--- Working data Enclosed Below ---

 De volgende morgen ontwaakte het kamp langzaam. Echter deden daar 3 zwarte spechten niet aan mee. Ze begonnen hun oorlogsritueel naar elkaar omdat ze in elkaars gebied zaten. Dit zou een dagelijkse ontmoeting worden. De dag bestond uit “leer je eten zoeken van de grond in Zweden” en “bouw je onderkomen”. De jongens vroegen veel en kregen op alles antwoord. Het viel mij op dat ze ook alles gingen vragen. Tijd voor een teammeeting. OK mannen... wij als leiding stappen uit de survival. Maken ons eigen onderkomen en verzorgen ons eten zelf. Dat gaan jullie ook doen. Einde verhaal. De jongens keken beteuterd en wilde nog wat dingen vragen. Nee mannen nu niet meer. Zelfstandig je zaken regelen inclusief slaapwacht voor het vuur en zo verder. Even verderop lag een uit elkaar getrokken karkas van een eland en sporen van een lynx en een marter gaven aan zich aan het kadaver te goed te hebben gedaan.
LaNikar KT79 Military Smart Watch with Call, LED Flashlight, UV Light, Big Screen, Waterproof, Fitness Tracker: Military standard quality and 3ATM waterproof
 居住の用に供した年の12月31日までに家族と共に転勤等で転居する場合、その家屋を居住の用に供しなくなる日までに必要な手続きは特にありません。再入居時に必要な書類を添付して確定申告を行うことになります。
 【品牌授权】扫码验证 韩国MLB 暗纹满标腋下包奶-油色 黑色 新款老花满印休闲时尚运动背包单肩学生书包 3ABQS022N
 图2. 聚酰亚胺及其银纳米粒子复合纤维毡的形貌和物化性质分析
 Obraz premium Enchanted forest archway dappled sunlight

--- End of Enclosed Working data ---

- [Exercise]
Give back every line of the data above exactly as written.

- [Exercise solution]
 De volgende morgen ontwaakte het kamp langzaam. Echter deden daar 3 zwarte spechten niet aan mee. Ze begonnen hun oorlogsritueel naar elkaar omdat ze in elkaars gebied zaten. Dit zou een dagelijkse ontmoeting worden. De dag bestond uit “leer je eten zoeken van de grond in Zweden” en “bouw je onderkomen”. De jongens vroegen veel en kregen op alles antwoord. Het viel mij op dat ze ook alles gingen vragen. Tijd voor een teammeeting. OK mannen... wij als leiding stappen uit de survival. Maken ons eigen onderkomen en verzorgen ons eten zelf. Dat gaan jullie ook doen. Einde verhaal. De jongens keken beteuterd en wilde nog wat dingen vragen. Nee mannen nu niet meer. Zelfstandig je zaken regelen inclusief slaapwacht voor het vuur en zo verder. Even verderop lag een uit elkaar getrokken karkas van een eland en sporen van een lynx en een marter gaven aan zich aan het kadaver te goed te hebben gedaan.
LaNikar KT79 Military Smart Watch with Call, LED Flashlight, UV Light, Big Screen, Waterproof, Fitness Tracker: Military standard quality and 3ATM waterproof
 居住の用に供した年の12月31日までに家族と共に転勤等で転居する場合、その家屋を居住の用に供しなくなる日までに必要な手続きは特にありません。再入居時に必要な書類を添付して確定申告を行うことになります。
 【品牌授权】扫码验证 韩国MLB 暗纹满标腋下包奶-油色 黑色 新款老花满印休闲时尚运动背包单肩学生书包 3ABQS022N
 图2. 聚酰亚胺及其银纳米粒子复合纤维毡的形貌和物化性质分析
 Obraz premium Enchanted forest archway dappled sunlight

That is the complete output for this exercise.